Pew Research: Digital 'Natives' Invade the Workplace
http://pewresearch.org/obdeck/?ObDeckID=70
Digital 'Natives' Invade the Workplace
Young people may be newcomers to the world of work, but it's their
bosses who are immigrants into the digital world
by Lee Rainie
Pew Internet & American Life Project
September 28, 2006
As consultant Marc Prensky calculates it, the life arc of a typical
21-year-old entering the workforce today has, on average, included
5,000 hours of video game playing, exchange of 250,000 emails, instant
messages, and phone text messages, 10,000 hours of cell phone use. To
that you can add 3,500 hours of time online.
Our work at the Pew Internet Project shows that an American teen is
more likely than her parents to own a digital music player like an
iPod, to have posted writing, pictures or video on the internet, to
have created a blog or profile on a social networking web site like
MySpace, to have downloaded digital content such as songs, games,
movies, or software, to have shared a remix or "mashup" creation with
friends, and to have snapped a photo or video with a cell phone.
"Today's younger workers are not 'little us-es,'" argues Prensky, an
educator, gaming expert, author of Don't Bother Me, Mom -- I'm
Learning. "Their preference is for sharing, staying connected,
instantaneity, multi-tasking, assembling random information into
patterns, and using technology in new ways. Their challenge to the
established way of doing things in the business world has already
started."
Those challenges often flow from young workers' embrace of
technologies that have grown up with them. Today's 21-year-old was
born in 1985 -- 10 years after the first consumer computers went on
sale and the same year that the breakthrough "third generation" video
game, Nintendo's "Super Mario Brothers," first went to market. When
this young worker was a toddler, the basic format of instant messaging
was developed. And at the time this young worker entered kindergarten
in 1990, Tim Berners-Lee wrote a computer program called the World
Wide Web. Upon entering middle school, our worker might have organized
his schedule with a gadget called a Palm Pilot (first shipped in
1996). And at the dawn of high school for our worker in 1999, Sean
Fanning created the Napster file-sharing service. When the worker
graduated from high school four years later, his gifts might have
included an iPod (patented in 2002) and a camera phone (first shipped
in early 2003).
Our worker's college career saw the rise of blogs (already
two-years-old in 2000), RSS feeds (coded in 2000), Wikipedia (2001),
social network sites (Friendster was launched in 2002), tagging
(Del.icio.us was created in 2003), free online phone calling (Skype
software was made available in 2003), podcasts (term coined in 2004),
and the video explosion that has occurred as broadband internet
connections become the norm in households (YouTube went live in
2005).
Now, we have a reversal of the normal situation, where young people
migrate into a workplace manned by seasoned natives.
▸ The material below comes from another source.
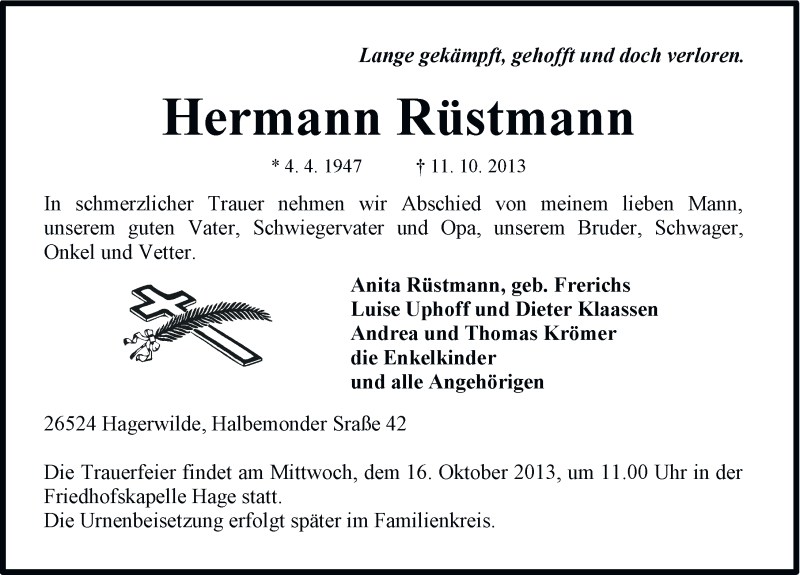 Hier finden Sie alle Traueranzeigen aus der Zeitung, die bisher für Hermann Rüstmann erschienen sind. Weitere Traueranzeigen, die in der Zeitung erscheinen, werden hier ebenfalls aufgelistet

Instead, in this
digitalized age, this 21-year-old and his peers are showing up in
human resources offices as digital natives in a workplace world
dominated by digital immigrants -- that is, elders who often feel less
at ease with new technologies.
How different are they? Several years ago when she was interviewing a
17-year old girl named LaShonda for a project about the future of
work, Rebecca Ryan, founder of a hip consulting firm named Next
Generation Consulting, noted the difference between digital natives
and their digital immigrant elders . In an email, she explains:
"We were at a food court in a mall outside Seattle. While I was
interviewing her, she was IM'ing, had her PDA on, her cell phone, the
whole thing.... I was so put off. I thought, 'She's not paying
attention!' And so I asked her, 'LaShonda, what do you think will be
the impact of technology on the future of work?' She looked me in the
eye and asked, 'What do you mean by technology?' I looked at all of
her gadgets on the table and said, 'Like this stuff!' She said, 'This
is only technology for people who weren't raised with it.' Whoa. The
point that came home to rest for me is that for LaShonda, IM'ing and
texting are like breathing. Fish don't know they're in water. LaShonda
didn't consider her gadgets technology."
This generational difference will inevitably pose challenges and
create opportunities for the firms that hire them because natives have
experiences and values that are different from digital immigrants.
Herewith, five new realities of the digital natives' lives that should
be understood by their new employers:
Reality 1 -- They are video gamers and that gives them different
expectations about how to learn, work, and pursue careers.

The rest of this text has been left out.